* Work instruction
Reproduce the records below exactly, leaving their images out.

::: Material for the task :::

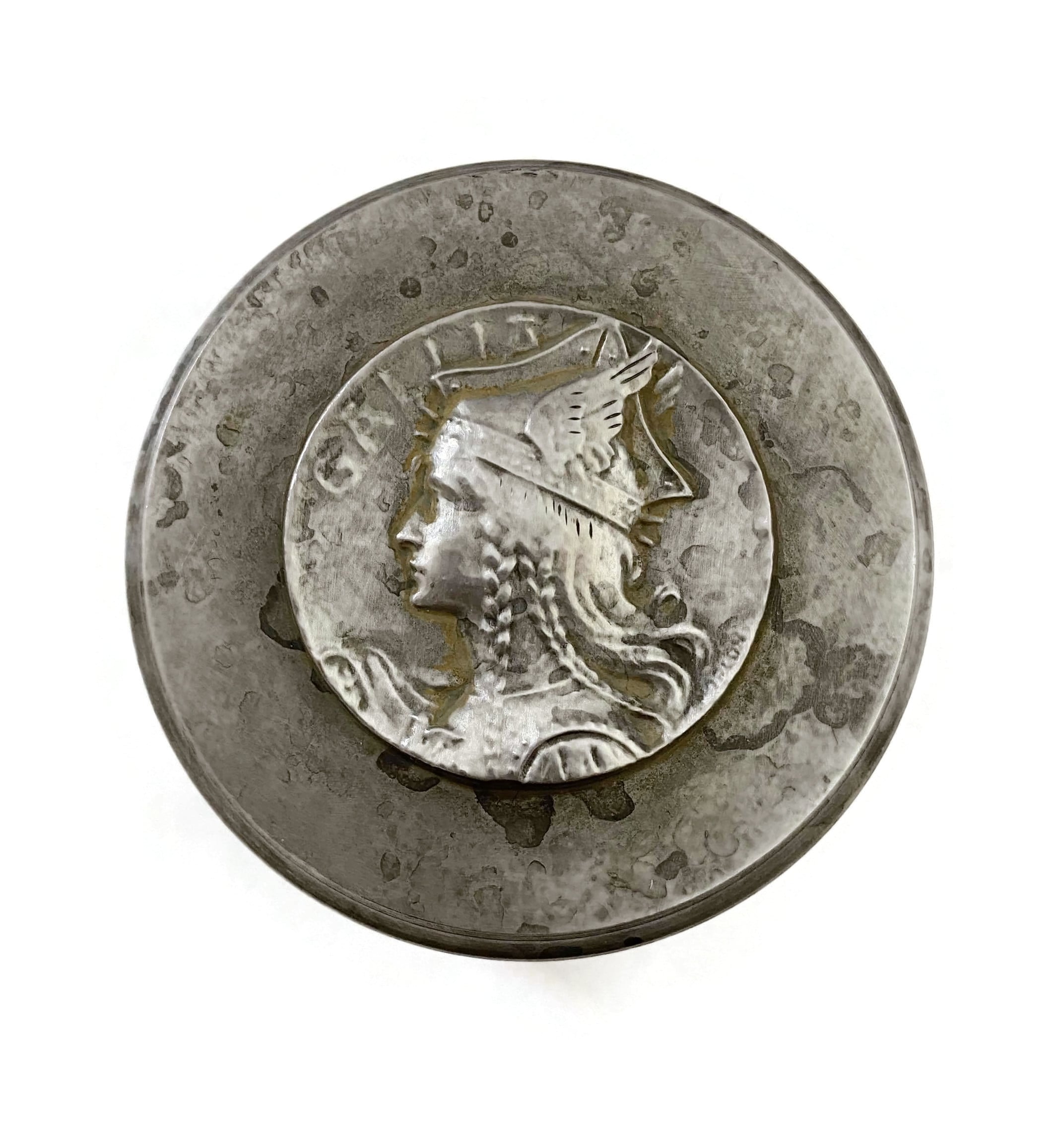 This medallion depicts Gallia, a Romano-Gallic goddess of the region of Gaul, which encompassed much of modern day France to Northern Italy. There is no known information about the goddess besides her name and the region to which she was dedicated, but images of her were popular on coins and medallions in 19th-century France. Impression die from Paris, France. Design: 1-3/16" diameter
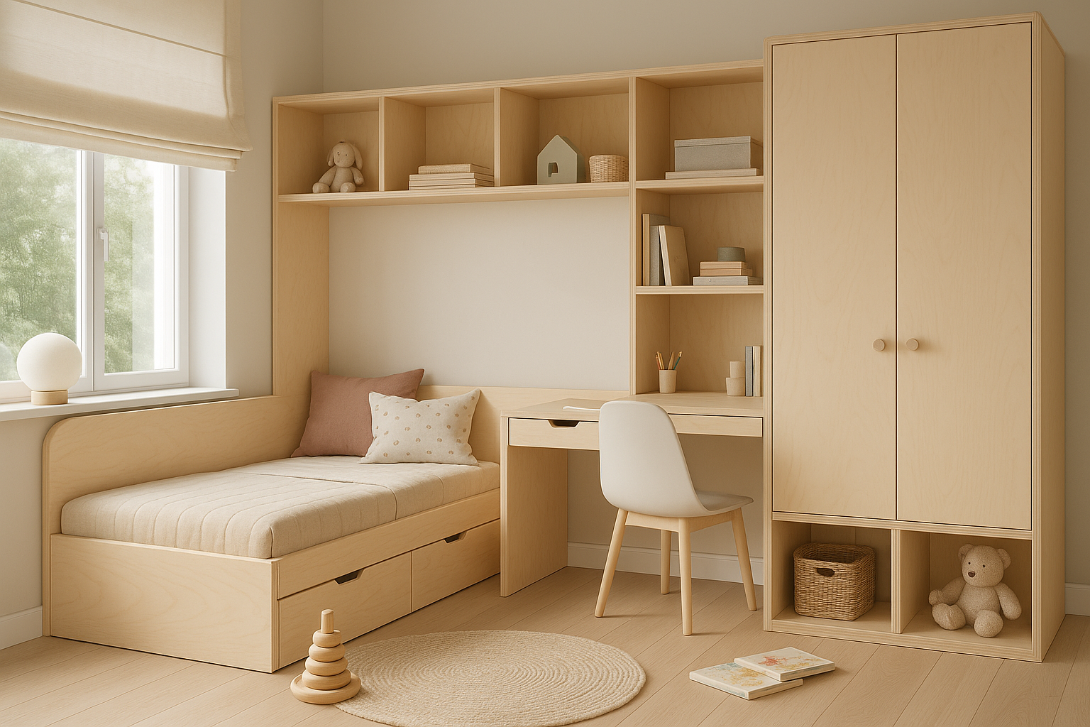 - Безопасная основа. Березовая фанера в сочетании с хорошими финишами подходит для детских интерьеров и не имеет резкого запаха.
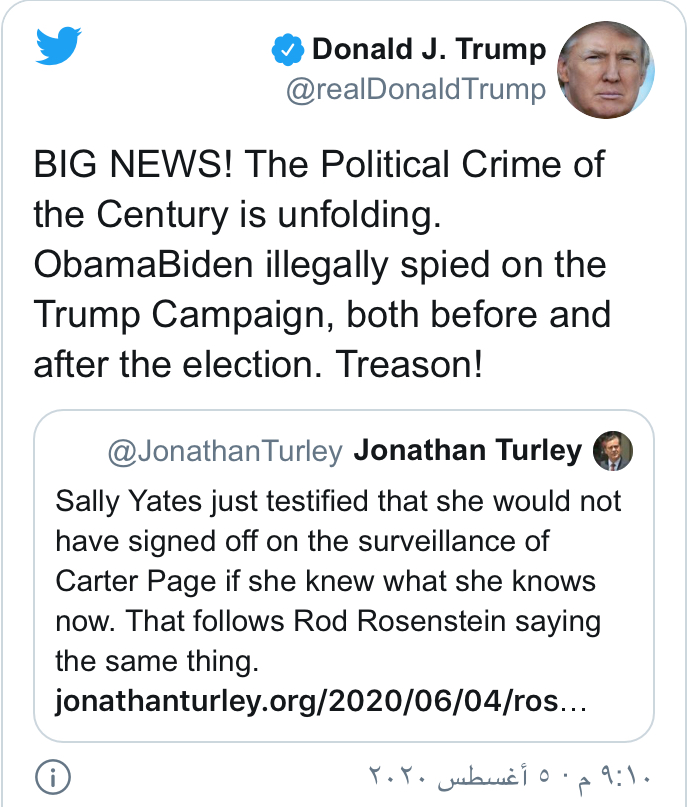 وجاء في تغريدة نشرها ترامب على "تويتر": "أخبار كبيرة، بدأت جريمة القرن السياسية تتكشف، أوباما وبايدن تجسسا بشكل غير قانوني على حملتي الانتخابية، قبل الانتخابات وبعدها، إنها خيانة".
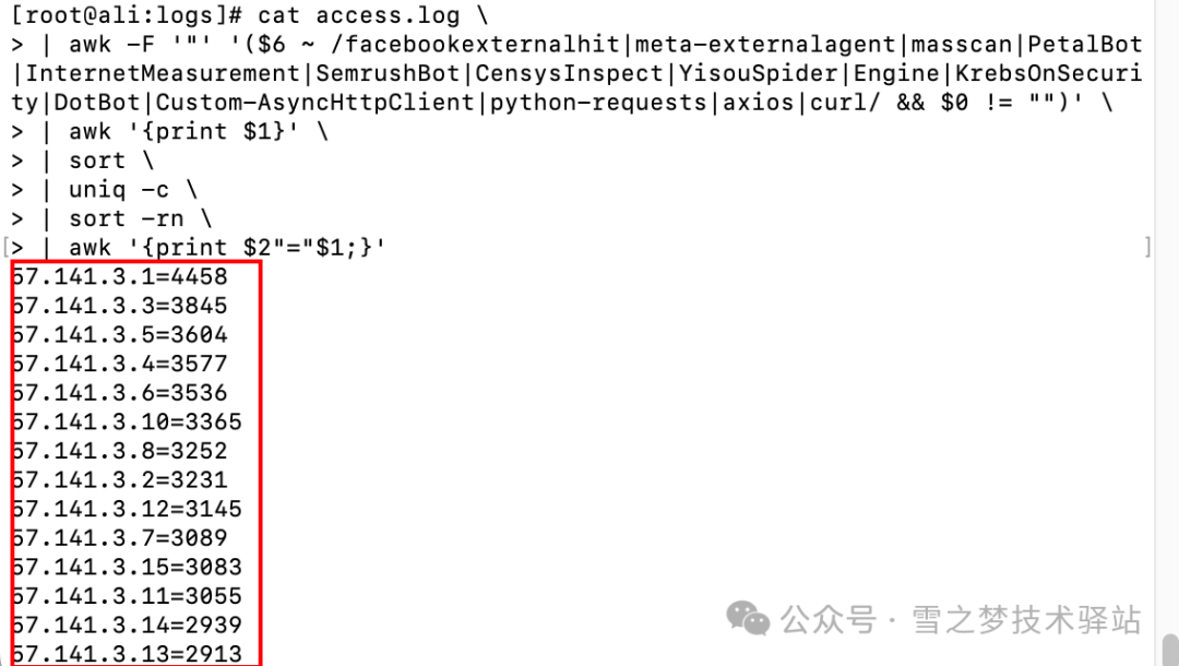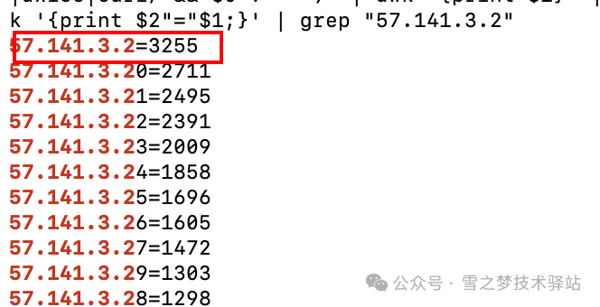 上述脚本统计出爬虫黑名单的全部 ip 出现的次数,还可以验证57.141.3.2
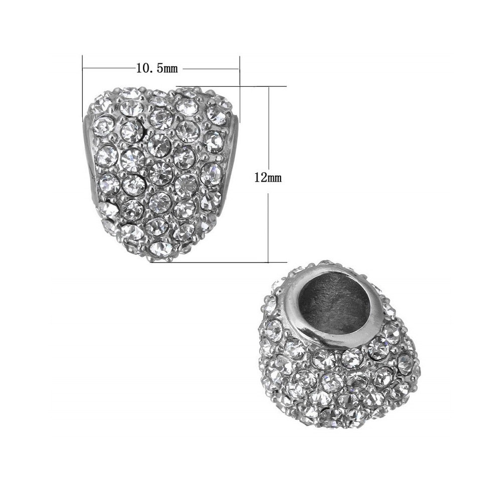 Bead with a large drawstring rhinestone heart in gold plating or without surface treatment
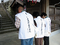 お遍路の基本は、白装束。昔の巡拝者が、死を覚悟して歩まれたことに由来する。笈摺には、お大師さまの宝号「南無大師遍照金剛」が記されている。
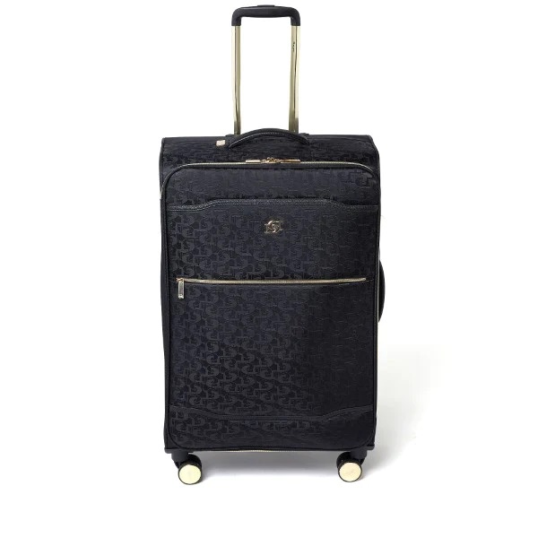 The Oriel Black Monogram collection is made from a superlight and durable abrasion resistant material. Four smooth double wheels with 360° rotation and Dune London logo hubcaps. Internal pockets and straps for organised packing. A lightweight trolley system with signature gold finish. TSA Padlock included. A 2-year manufacturer's warranty.
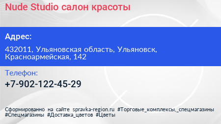 Nude Studio, салон красоты по адресу 432011, Ульяновская область, Ульяновск, Красноармейская, 142 в дальнейшем Организация, размещена в следующих категориях:
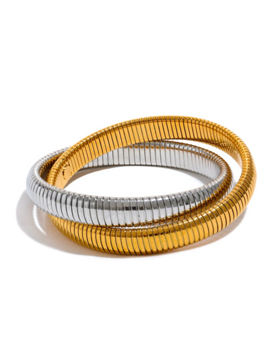Un bijou d'une grande élégance, parfait pour celles qui aiment mélanger les métaux. Ce bracelet entrelacé combine des bandes dorées et argentées, créant un effet visuel sophistiqué et moderne. Sa conception en acier inoxydable assure une durabilité à long terme, tout en ajoutant une touche de luxe à votre poignet. Ce jonc est idéal pour compléter à la fois des tenues de tous les jours et des looks plus habillés. Disponible sur la bijouterie en ligne par TMB, c'est un accessoire polyvalent pour toutes les garde-robes.

:::

* Task response
 This medallion depicts Gallia, a Romano-Gallic goddess of the region of Gaul, which encompassed much of modern day France to Northern Italy. There is no known information about the goddess besides her name and the region to which she was dedicated, but images of her were popular on coins and medallions in 19th-century France. Impression die from Paris, France. Design: 1-3/16" diameter
 - Безопасная основа. Березовая фанера в сочетании с хорошими финишами подходит для детских интерьеров и не имеет резкого запаха.
 وجاء في تغريدة نشرها ترامب على "تويتر": "أخبار كبيرة، بدأت جريمة القرن السياسية تتكشف، أوباما وبايدن تجسسا بشكل غير قانوني على حملتي الانتخابية، قبل الانتخابات وبعدها، إنها خيانة".
 上述脚本统计出爬虫黑名单的全部 ip 出现的次数,还可以验证57.141.3.2
 Bead with a large drawstring rhinestone heart in gold plating or without surface treatment
 お遍路の基本は、白装束。昔の巡拝者が、死を覚悟して歩まれたことに由来する。笈摺には、お大師さまの宝号「南無大師遍照金剛」が記されている。
 The Oriel Black Monogram collection is made from a superlight and durable abrasion resistant material. Four smooth double wheels with 360° rotation and Dune London logo hubcaps. Internal pockets and straps for organised packing. A lightweight trolley system with signature gold finish. TSA Padlock included. A 2-year manufacturer's warranty.
 Nude Studio, салон красоты по адресу 432011, Ульяновская область, Ульяновск, Красноармейская, 142 в дальнейшем Организация, размещена в следующих категориях:
Un bijou d'une grande élégance, parfait pour celles qui aiment mélanger les métaux. Ce bracelet entrelacé combine des bandes dorées et argentées, créant un effet visuel sophistiqué et moderne. Sa conception en acier inoxydable assure une durabilité à long terme, tout en ajoutant une touche de luxe à votre poignet. Ce jonc est idéal pour compléter à la fois des tenues de tous les jours et des looks plus habillés. Disponible sur la bijouterie en ligne par TMB, c'est un accessoire polyvalent pour toutes les garde-robes.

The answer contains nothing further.